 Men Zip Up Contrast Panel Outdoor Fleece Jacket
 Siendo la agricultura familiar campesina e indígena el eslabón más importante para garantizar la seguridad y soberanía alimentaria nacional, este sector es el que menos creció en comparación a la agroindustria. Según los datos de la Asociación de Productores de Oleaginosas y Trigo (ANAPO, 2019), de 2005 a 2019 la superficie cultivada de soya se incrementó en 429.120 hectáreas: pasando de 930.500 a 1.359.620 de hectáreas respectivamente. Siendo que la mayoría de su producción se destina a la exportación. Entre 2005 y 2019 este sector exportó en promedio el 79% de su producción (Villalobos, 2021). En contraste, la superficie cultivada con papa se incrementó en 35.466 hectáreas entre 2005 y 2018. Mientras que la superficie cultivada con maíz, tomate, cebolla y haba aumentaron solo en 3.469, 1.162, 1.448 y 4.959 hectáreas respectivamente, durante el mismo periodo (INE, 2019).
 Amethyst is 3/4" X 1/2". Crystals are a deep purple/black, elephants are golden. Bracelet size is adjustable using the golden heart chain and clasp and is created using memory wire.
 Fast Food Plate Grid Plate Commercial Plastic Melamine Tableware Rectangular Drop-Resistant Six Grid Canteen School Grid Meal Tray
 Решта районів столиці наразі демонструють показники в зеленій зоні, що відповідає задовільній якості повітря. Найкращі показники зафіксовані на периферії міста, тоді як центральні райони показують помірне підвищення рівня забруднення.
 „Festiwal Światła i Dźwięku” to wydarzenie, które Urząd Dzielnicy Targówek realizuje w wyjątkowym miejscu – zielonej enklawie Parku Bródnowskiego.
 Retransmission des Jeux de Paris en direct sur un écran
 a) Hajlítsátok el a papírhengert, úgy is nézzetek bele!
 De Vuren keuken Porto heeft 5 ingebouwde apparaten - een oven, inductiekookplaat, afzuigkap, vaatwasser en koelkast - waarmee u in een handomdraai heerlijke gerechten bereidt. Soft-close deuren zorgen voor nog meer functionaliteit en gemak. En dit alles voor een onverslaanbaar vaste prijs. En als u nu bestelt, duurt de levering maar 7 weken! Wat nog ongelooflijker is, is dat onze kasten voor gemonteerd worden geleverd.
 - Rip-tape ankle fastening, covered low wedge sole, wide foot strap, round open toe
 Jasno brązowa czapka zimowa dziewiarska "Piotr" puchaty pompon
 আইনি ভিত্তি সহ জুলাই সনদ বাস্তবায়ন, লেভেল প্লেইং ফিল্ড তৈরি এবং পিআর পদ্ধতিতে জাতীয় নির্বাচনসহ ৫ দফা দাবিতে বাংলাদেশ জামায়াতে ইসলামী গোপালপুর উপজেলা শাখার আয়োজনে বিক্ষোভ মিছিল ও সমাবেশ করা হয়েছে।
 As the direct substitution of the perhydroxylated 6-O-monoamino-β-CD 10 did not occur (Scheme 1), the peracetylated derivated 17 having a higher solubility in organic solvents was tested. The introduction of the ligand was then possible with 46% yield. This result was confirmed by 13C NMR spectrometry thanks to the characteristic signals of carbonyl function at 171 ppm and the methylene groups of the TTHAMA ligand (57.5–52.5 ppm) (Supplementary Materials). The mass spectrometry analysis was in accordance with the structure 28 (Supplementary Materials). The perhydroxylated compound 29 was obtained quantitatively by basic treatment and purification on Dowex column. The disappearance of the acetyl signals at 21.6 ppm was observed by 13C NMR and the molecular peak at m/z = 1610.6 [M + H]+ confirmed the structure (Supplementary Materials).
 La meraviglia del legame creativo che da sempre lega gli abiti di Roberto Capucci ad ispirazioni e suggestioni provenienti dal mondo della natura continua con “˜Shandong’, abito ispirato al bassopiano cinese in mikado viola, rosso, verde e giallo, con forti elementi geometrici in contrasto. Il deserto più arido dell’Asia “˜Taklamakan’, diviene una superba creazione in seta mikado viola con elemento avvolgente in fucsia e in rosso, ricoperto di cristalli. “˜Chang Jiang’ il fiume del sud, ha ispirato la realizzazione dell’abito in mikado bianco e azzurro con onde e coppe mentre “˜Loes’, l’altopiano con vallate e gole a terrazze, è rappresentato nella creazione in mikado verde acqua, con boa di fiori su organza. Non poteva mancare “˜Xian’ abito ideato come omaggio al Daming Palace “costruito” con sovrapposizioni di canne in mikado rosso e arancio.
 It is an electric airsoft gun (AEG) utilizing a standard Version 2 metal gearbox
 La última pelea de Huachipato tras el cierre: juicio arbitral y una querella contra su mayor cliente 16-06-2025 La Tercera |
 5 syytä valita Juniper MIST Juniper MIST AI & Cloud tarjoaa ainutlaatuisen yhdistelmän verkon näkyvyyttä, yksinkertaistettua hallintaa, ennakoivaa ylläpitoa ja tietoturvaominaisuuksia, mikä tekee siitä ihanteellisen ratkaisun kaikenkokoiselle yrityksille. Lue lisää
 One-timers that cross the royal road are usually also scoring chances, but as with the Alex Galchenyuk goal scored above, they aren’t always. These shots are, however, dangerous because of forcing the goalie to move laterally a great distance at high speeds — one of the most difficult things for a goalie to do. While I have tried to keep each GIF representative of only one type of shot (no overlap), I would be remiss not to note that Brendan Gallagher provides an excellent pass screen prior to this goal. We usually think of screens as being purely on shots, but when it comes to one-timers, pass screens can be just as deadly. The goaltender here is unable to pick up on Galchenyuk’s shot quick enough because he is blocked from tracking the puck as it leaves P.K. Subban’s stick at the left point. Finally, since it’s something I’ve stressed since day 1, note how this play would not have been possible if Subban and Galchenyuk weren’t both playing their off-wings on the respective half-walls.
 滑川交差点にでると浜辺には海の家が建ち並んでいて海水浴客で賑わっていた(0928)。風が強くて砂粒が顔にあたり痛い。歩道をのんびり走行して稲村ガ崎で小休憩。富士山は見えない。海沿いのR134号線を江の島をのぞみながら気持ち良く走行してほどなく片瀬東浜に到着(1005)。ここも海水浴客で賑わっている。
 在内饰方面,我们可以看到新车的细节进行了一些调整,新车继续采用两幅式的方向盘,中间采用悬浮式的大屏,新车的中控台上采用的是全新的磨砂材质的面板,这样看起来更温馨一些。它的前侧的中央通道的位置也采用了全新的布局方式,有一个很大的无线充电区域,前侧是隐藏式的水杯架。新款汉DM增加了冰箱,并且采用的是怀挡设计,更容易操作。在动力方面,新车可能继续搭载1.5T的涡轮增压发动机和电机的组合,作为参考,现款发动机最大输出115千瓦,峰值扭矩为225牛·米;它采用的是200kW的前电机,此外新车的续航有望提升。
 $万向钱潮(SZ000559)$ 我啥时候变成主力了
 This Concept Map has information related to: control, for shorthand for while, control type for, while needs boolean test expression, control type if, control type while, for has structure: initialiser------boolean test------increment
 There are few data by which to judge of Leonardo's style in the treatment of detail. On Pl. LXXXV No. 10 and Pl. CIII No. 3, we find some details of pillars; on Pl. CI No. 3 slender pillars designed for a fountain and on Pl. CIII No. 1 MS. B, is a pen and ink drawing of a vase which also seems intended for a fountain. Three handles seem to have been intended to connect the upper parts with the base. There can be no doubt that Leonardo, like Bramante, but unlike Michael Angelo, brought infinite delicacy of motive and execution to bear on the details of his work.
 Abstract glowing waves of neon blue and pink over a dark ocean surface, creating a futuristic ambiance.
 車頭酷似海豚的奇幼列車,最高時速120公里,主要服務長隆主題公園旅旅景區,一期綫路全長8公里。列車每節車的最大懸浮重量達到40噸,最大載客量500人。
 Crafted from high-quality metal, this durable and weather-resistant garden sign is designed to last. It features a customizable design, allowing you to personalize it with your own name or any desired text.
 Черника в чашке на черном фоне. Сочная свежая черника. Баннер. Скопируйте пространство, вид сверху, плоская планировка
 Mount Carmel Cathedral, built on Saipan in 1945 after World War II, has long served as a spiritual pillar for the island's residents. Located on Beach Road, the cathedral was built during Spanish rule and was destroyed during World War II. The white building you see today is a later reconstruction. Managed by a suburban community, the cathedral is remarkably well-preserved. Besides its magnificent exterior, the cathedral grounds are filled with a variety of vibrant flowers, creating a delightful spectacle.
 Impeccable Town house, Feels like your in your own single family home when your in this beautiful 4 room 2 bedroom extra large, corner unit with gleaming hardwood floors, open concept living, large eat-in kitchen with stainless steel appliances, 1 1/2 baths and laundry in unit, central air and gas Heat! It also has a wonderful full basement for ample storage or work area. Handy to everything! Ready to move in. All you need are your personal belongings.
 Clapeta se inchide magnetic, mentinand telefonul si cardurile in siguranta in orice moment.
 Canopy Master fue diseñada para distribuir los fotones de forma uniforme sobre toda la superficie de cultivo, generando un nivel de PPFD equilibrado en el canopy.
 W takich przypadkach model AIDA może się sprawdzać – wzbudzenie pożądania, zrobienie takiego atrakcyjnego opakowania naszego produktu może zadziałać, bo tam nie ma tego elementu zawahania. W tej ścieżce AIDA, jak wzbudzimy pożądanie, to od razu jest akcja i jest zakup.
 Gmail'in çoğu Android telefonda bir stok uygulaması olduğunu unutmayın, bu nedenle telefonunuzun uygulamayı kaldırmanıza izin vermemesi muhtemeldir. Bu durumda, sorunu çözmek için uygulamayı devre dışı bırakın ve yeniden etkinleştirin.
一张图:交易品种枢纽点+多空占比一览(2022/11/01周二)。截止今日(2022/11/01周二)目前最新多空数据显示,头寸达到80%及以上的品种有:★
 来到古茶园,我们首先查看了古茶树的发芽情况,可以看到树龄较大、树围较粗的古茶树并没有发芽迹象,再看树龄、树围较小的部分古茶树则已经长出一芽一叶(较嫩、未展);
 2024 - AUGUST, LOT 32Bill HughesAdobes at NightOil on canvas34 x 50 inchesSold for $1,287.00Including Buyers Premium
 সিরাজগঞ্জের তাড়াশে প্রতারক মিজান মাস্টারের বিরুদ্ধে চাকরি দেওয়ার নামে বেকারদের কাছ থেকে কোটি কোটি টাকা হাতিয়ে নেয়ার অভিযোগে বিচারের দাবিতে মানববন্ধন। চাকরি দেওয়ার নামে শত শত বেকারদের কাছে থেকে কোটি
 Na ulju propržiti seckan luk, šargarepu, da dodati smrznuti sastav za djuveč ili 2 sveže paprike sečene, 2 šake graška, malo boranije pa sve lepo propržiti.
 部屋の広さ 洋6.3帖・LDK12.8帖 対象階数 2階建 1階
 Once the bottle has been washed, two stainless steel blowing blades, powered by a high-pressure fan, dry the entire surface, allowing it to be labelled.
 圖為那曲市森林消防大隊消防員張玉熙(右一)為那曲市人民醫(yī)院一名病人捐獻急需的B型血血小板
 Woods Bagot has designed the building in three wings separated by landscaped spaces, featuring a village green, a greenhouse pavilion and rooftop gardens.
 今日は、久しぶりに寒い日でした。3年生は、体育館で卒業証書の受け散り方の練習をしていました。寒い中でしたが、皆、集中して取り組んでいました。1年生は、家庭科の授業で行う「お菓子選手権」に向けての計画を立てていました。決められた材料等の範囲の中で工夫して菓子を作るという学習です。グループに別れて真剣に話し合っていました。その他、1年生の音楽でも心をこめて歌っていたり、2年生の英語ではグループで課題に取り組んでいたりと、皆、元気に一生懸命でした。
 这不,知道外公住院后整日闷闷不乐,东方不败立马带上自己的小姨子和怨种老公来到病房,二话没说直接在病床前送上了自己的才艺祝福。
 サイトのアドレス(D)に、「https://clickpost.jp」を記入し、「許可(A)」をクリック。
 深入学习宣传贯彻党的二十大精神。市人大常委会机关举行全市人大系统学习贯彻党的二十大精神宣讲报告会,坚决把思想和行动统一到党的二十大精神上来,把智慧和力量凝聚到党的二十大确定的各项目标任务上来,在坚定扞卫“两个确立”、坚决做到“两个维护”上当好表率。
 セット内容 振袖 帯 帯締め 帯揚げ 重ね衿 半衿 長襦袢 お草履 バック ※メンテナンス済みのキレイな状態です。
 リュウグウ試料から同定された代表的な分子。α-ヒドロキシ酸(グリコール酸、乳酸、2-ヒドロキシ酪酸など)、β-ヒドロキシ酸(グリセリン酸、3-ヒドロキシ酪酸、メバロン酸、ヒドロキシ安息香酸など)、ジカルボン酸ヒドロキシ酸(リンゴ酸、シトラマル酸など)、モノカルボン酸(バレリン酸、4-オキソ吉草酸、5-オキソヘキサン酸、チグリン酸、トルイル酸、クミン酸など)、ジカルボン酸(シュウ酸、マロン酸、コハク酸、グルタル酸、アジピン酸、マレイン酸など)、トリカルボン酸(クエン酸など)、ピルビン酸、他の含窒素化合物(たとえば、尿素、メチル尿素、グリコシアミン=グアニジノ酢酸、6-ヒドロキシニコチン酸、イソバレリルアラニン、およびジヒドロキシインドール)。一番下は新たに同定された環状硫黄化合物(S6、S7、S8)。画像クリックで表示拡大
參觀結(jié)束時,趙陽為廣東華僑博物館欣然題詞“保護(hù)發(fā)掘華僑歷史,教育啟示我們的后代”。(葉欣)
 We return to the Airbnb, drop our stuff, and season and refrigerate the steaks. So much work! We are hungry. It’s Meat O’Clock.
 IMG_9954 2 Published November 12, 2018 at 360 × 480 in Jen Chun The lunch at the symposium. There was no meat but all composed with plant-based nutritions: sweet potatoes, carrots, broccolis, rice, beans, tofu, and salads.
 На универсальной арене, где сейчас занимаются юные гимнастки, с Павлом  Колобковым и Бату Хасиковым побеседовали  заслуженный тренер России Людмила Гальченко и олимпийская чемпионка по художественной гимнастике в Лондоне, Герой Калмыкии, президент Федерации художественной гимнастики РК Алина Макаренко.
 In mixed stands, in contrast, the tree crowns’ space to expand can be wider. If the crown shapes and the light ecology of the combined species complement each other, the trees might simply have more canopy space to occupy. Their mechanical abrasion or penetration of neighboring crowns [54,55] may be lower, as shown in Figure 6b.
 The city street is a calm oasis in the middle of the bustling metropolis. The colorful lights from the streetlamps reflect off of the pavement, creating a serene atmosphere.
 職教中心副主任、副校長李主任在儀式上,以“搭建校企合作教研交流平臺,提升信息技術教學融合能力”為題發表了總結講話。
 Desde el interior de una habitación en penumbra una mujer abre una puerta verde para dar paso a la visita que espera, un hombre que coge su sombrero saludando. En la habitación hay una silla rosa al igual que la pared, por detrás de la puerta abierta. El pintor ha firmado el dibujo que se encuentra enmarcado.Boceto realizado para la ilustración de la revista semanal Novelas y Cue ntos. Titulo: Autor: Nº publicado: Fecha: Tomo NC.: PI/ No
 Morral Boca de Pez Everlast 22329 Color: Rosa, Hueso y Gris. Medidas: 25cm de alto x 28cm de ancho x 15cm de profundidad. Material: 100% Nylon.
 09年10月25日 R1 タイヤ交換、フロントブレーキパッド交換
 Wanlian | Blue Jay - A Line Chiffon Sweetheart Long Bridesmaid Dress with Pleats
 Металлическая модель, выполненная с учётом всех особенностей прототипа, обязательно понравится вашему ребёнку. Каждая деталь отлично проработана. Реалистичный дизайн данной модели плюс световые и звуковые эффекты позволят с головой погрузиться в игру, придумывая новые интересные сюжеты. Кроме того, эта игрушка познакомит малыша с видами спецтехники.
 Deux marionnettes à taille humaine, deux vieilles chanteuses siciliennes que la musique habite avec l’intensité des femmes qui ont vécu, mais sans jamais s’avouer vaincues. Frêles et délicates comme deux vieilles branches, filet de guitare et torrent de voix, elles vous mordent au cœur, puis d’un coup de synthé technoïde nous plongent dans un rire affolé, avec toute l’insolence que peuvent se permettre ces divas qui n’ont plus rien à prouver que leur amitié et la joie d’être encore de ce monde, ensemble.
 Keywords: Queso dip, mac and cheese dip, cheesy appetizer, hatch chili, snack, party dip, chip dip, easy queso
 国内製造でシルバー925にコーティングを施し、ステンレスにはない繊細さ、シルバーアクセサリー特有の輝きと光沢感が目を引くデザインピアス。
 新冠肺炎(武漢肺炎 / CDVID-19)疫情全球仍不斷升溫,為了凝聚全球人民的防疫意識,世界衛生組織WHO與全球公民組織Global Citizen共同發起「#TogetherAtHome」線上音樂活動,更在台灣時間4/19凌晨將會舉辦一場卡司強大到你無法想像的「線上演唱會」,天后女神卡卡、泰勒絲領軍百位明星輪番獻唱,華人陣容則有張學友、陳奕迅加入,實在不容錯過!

Assigned task
From the line holding "Clapeta se inchide" to the line holding "Canopy Master fue", inclusive, restate each line above exactly as written.

Solution to the problem
 Clapeta se inchide magnetic, mentinand telefonul si cardurile in siguranta in orice moment.
 Canopy Master fue diseñada para distribuir los fotones de forma uniforme sobre toda la superficie de cultivo, generando un nivel de PPFD equilibrado en el canopy.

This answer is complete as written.